But for the BEAD Program, $1 Billion in Middle Mile Funding Wouldn’t Be Enough 

The U.S. Treasury just gave California more than half a billion dollars to fund broadband buildout. This money may help reduce the digital divide. It also might not. There’s really no way to know because the only public information about the grant is a press release that more closely resembles a flyer than an explanation of how the government is spending 540 million taxpayer dollars.

The money comes from the Capital Projects Fund, which is $10 billion allocated by the 2021 American Rescue Plan Act. The Act directs the U.S. Treasury to distribute these funds to states, territories, and tribal governments to subsidize new broadband networks.

Congress probably should never have directed the Treasury to lead the program. It’s not a grant-making agency, and Secretary Janet Yellen has bigger things to worry about, like the looming debt ceiling and the global economy.

Still, the Treasury has to do what the law tells it to do, and should be expected to follow some basic rules of good governance.

The program appears to lack even the most basic transparency. Treasury’s website lists a press release similar to California’s for each state award, and those others also provide almost no additional information. They do list “key state contacts,” but it’s typically an entire state agency. That’s just a hair more helpful than telling people to “call Congress” to learn more about government spending.

At a bare minimum, the public should be able to see the plan each state submitted to the Treasury and the final plan the agency approved. That might make it possible for researchers and watchdogs like the Government Accountability Office to evaluate the program — not only to see how well it worked, but to inform other broadband grant programs. Unfortunately, these plans do not appear to be available to the public.

Taxpayers should know how the states intend to spend the money once they have it because there are many ways to distribute the funds to those who would build networks. A long history of broadband subsidies and economic research provide lessons on these practices. It is important to know whether states are heeding or ignoring those lessons.

The answers make a huge difference. Research on the $4.5 billion broadband subsidy program under the Obama administration found that the grant assignment program was little better than randomly selecting winners from the pool of applications, while a more coherent competitive bidding process like a reverse auction would have stretched the money much further.

The little information we have is not encouraging.

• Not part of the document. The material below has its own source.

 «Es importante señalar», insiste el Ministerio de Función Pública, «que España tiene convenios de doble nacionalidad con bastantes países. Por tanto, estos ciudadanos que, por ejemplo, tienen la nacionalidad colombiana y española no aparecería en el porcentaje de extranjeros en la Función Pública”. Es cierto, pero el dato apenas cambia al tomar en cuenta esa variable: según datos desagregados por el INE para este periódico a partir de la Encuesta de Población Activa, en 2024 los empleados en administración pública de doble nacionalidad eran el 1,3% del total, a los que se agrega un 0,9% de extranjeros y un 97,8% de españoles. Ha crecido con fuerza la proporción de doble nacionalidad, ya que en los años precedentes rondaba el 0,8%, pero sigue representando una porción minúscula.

The grants appear to be spending far more per location than necessary, meaning the money is building less broadband than it could.

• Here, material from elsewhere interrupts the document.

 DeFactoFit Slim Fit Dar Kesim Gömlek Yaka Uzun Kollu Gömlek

For example, California is getting $540 million to serve an expected 127,000 locations, or about $4,250 per location. That’s about the same as what the FCC estimated as the maximum it was willing to pay per location in California in the Rural Development Opportunities Fund in 2020. And because that money was distributed in an auction, the actual subsidy for gigabit connections came in lower than expected, at about $2,000 per location on average.

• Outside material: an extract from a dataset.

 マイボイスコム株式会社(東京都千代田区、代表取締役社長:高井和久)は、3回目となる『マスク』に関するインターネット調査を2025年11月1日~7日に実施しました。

California does not seem to be an outlier in the Treasury program. Iowa is getting $152.2 million to serve an estimated 18,972 locations, or $8,022 per location. In the FCC’s RDOF subsidy auction, the FCC’s average reserve price for locations in Iowa was about $7,200 per location, and the auction results yielded a lower cost similar to in California — about $2,000 per location.

With the current opaque arrangement, we may never know whether the infrastructure money was well spent because we know little about how the states plan to distribute the money and how their efforts will be evaluated. To its credit, Treasury requires regular reporting on certain metrics by grant recipients. But there is no mention of any plans to invite independent analysis of how the money is spent and its cost-effectiveness.

This kind of transparency is important for more than a nod towards good governance of the $10 billion Capital Projects Fund. Treasury will soon be joined by the Department of Commerce when it releases another $42.5 billion to the states for essentially the same purpose. We should not accept a precedent of keeping the public in the dark on these infrastructure projects.

Scott Wallsten is president of the Technology Policy Institute. He is an economist with expertise in industrial organization and public policy, and his research focuses on competition, regulation, telecommunications, the economics of digitization, and technology policy. This piece is exclusive to Broadband Breakfast.